# Use Fixed-Step Zero-Crossing Detection for Faster Simulations

This example shows how fixed-step zero-crossing detection can be used to speed up simulation by increasing the fixed-step size without sacrificing simulation accuracy. Zero-crossing detection is essential if a system contains events that will change the equations in the system. The location and reaction to these events is important for accurate simulation.

### Load Model

This example uses a model of a buck converter, a DC-DC power converter. The converter is controlled via pulse width modulation (PWM), where a switch, represented by the Relay block in the PWM subsystem, is controlled by comparing the control voltage to a triangular voltage.

This model implements an open-loop version of the buck converter.

```
model = 'buck_ol';
open_system(model);
```

### Examine PWM Generation System

The buck converter in this model uses PWM to control the power transmitted to the load. The Relay block in the PWM subsystem represents a switch and is controlled by comparing the control voltage to a triangular voltage. The frequency of the triangle wave is 100 kHz.

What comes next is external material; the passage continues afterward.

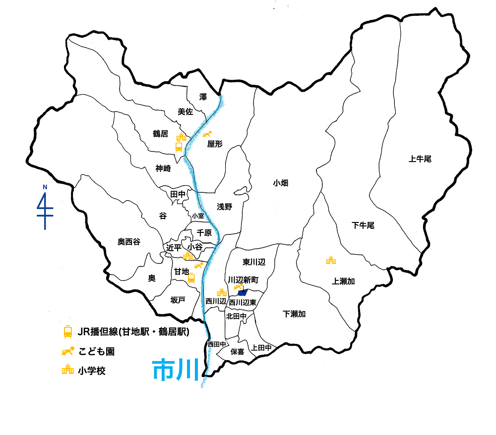いちかわ東こども園(750m)、川辺小学校(1㎞)、市川中学校(2㎞)

To accurately detect PWM switching, check that the solver takes steps smaller than 1.0e-5. The relay block in a PWM system detects zero crossings when the triangle wave intersects with the duty cycle.

```
pwmGenSubsys = [model '/PWM'];
open_system(pwmGenSubsys);
```

### Simulate with a Variable-Step Solver

To achieve accurate simulation results, you must accurately locate the switching times that occur in the PWM subsystem. To see what the results should look like, you can first simulate the model using a variable-step solver with zero-crossing detection. Limit the max-step size of the solver to `1e-6`

to ensure that you do not miss PWM switching events.

set_param(model, 'Solver', 'ode45', 'MaxStep', '1e-6',... 'ReturnWorkspaceOutputs', 'on') simout = sim(model); plot(simout.tout, simout.xout(:,1)); title('Output Voltage'); legend('Variable-step (expected)'); xlim([0 1e-3]);

### Use Fixed-Step Simulation

Now that you know what the expected simulation results should look like, you can simulate the model using a fixed-step solver. You should select the largest possible fixed-step size where the solver is still able to step near the PWM switching times. Using a large fixed-step size will result in the fastest possible simulation while still obtaining accurate results.

Use the simulation results generated by the variable-step solver to inform your choice for a fixed-step size. Start by using a fixed-step size of 1.0e-6, similar to the maximum step size used for the variable-step simulation.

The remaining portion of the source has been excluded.